Final project for the course Algorithms for speech and natural language processing - Master MVA, ENS Paris-Saclay (2021-2022)

This repository contains the work done by Yujin Cho, Loubna Ben Allal, Gabriel Baker and Chloé Sekkat for their final project in the course Algorithms for speech and natural language processing at the master MVA, ENS Paris-Saclay.

For this project, we worked on a tokenization-free encoder for language representation called CANINE. It is the first character-level pre-trained deep encoder that is completely tokenization-free and vocabulary-free. We studied the performance of CANINE on several NLP tasks and compare it to other models (similar to BERT).

Installation

The code was tested with Python3.8.6

pip install -r requirements

Please note that you will need to update manually the versions of torch, torchaudio and torchvision depending on your hardware.

Structure of the repository

This repository has been divided into 3 main categories, each containing sub-categories depending on the task we evaluated the models on.

canine_mva
├── requirements.txt
├── sh_scripts                  # Bash scripts
    └── qa/                     # QA related bash scripts (CLI)
├── source                      # Source code main package   
    ├── qa/                     # QA related source code                               
    └── nli/                    # NLI related source code  
    └── NER/                    # NER related source code  
├── notebooks                   # Notebooks (showcase of experiments)
    └── qa/                     # QA related notebooks
    └── NER/                    # NER related notebooks
    └── sa/                     # SA related notebooks
└── README.md

Question Answering:

  • notebooks/qa: the notebooks we used for our QA experiments.
  • source/qa: source code needed to prepare and train CANINE for Question Answering task.
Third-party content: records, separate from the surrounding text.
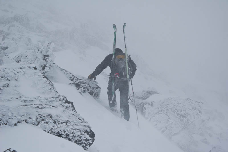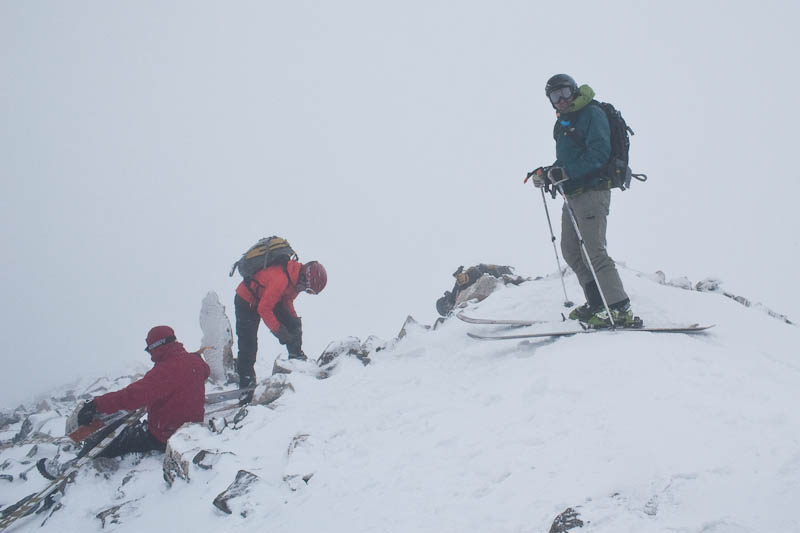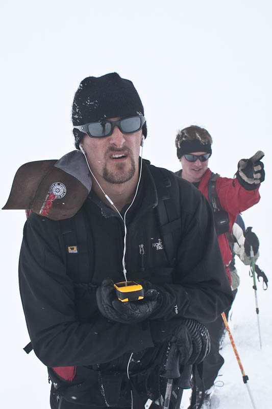 When we had about 1,200′ to go, there were some comments that people still weren’t confident that they were going to make the summit. Nuts to that, I said we’ve come all this way and we had less than a quarter-mile of vertical left to go. “So you measure vertical in miles now, eh? ‘Oh yeah, easy, that’s only a mile of vert.’ ” More laughs, despite the miserable weather. Onward and upward, closer to the summit.
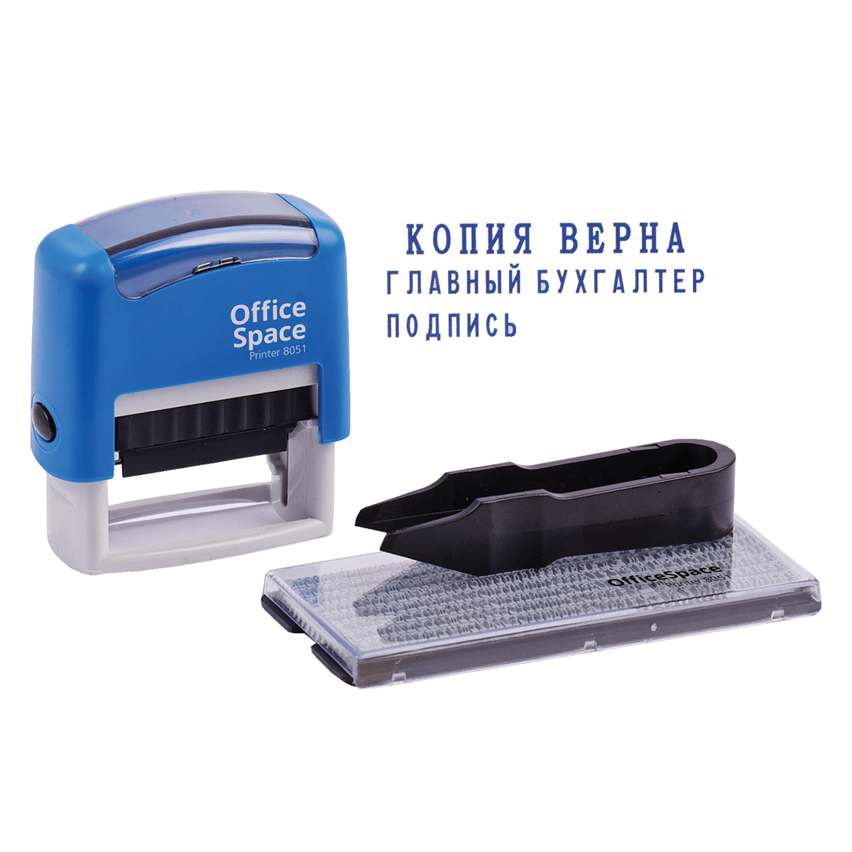Самонаборный автоматический пластиковый 3-строчный штамп OfficeSpace. Размер оттиска 38*14 мм, оснастка с рифленой пластиной. Автоматическое окрашивание. В комплекте пинцет, 1 касса букв, цифр и символов (3мм) и сменная штемпельная подушка (срок годности сменной подушки – 6 лет, дата изготовления указана на упаковке). Символы надежно закрепляются в текстовой пластине (две ножки). При замене рекомендуется заменить подушку. Используется для набора штампов с почтовыми, банковскими реквизитами и другой меняющейся информацией. Усиленные двойные стенки выкатного механизма. Резиновые подушечки. Долговечность благодаря металлической втулке. Упаковка – блистер с европодвесом.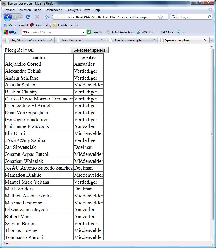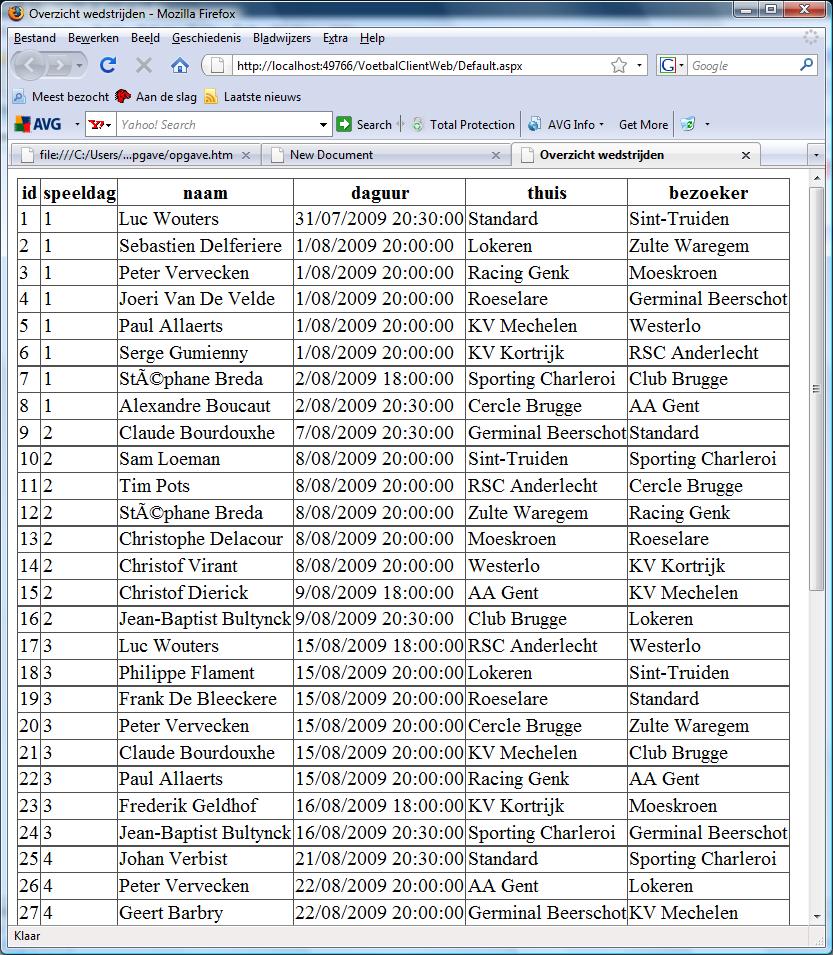 Maak een website TestVoetbalDataLaag waarin je je datalaag uittest, zonder gebruik te maken van remoting. Maak twee webformulieren (zie ook figuren onderaan deze pagina):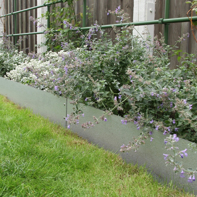 Rak planteringskant i aluzink, en beläggning som förhindrar stålet från att rosta. Beläggningen kan ljusna något under årens gång, men förebygger fortfarande rostangrepp. Stålkanten passar perfekt längs planteringar eller runt träd och skyddar utvalda ytor vid gräsklippning. Finns i längder från 180-1150mm.
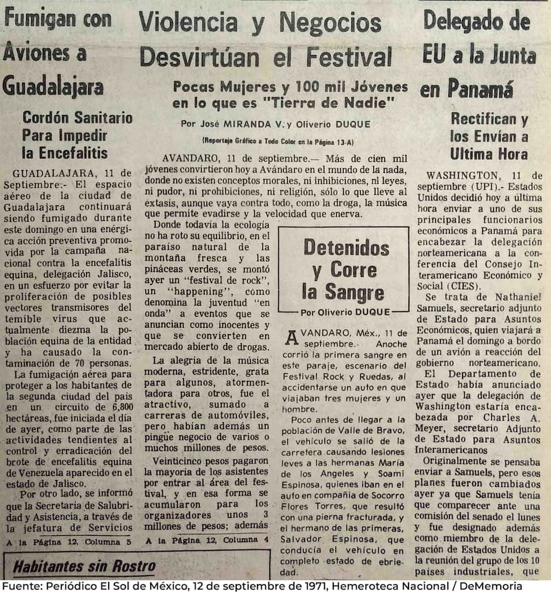 El 11 de septiembre de 1971, una multitud de 300.000 jóvenes se aglomeraba en Avándaro, un asentamiento rural ubicado a 5 kilómetros del pueblo Valle de Bravo en el Estado de México. Muchos de ellos paseaban sin polera, mientras que otros vestían ponchos, pantalones holgados y levantaban banderas de su país con el símbolo de la paz dibujado en su parte central.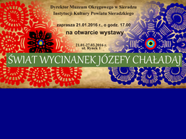 Muzeum Okręgowego w Sieradzu zaprasza 21 stycznia o godzinie 17:00 na otwarcie wystawy „Świat wycinanek Józefy Chaładaj”. Wystawa będzie czynna do 27 marca br.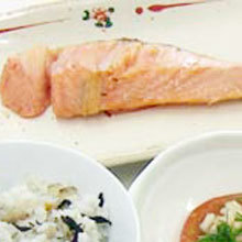 鮭の切り身に塩を振り、そのまま5分程度おく。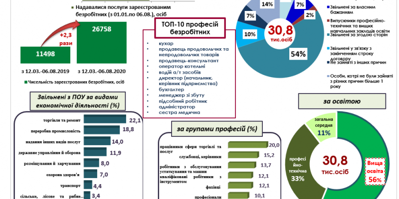 За статистичними даними, якими володіє обласна служба зайнятості, на Львівщині (порівняно з торішніми показниками) у 2,5 рази збільшилася чисельність безробітних, котрі звернулися до центрів зайнятості або філій Львівського ОЦЗ за сприянням у працевлаштуванні, водночас у 2 рази зменшилася потреба підприємств у робочій силі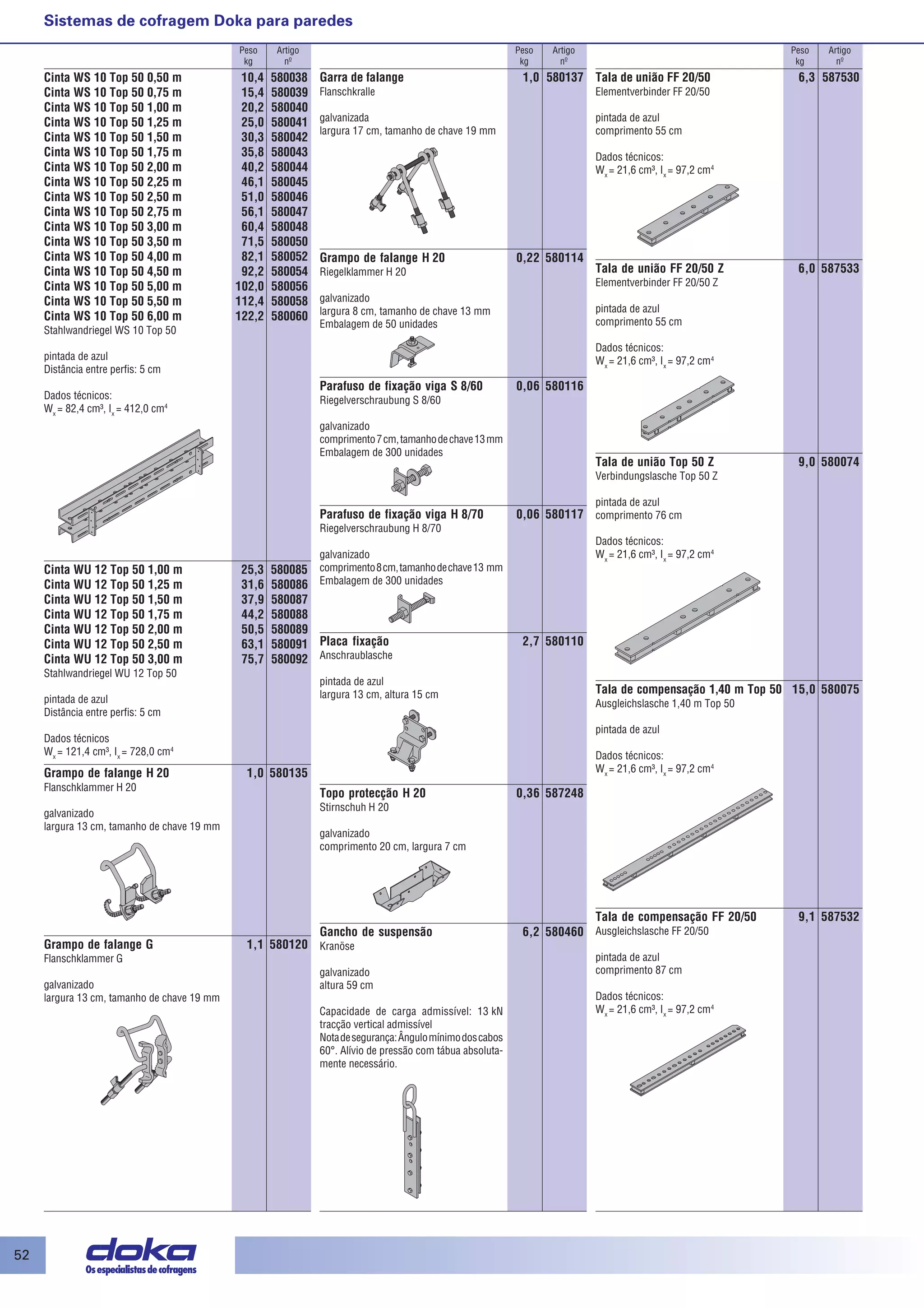 O documento lista uma variedade de componentes e especificações técnicas para sistemas de cofragem da Doka, incluindo cintas, grampos e elementos de ancoragem, com detalhes sobre peso, tamanho e configuração. Cada item é apresentado com informações específicas, como peso em kg e distância entre perfis, além de instruções de segurança relevantes. O foco principal é na qualidade e segurança dos materiais utilizados na construção.

Also allows for zero-shot transfer evaluation on XQuAD (for more information, refer to corresponding README.md)
  • sh_scripts/qa: collection of bash scripts to finetune and evaluate models on QA tasks (for more information, refer to corresponding README.md)

NLI

  • source/nli: source code needed to prepare and train CANINE and BERT for NLI task (for more information, refer to corresponding README.md)

NER

  • notebooks/NER: the notebooks we used for our NER experiments.
  • source/NER: source code needed to prepare and train CANINE for NER task (for more information, refer to corresponding README.md)

Sentiment Analysis:

  • notebooks/sa: the notebooks we used for our SA experiments.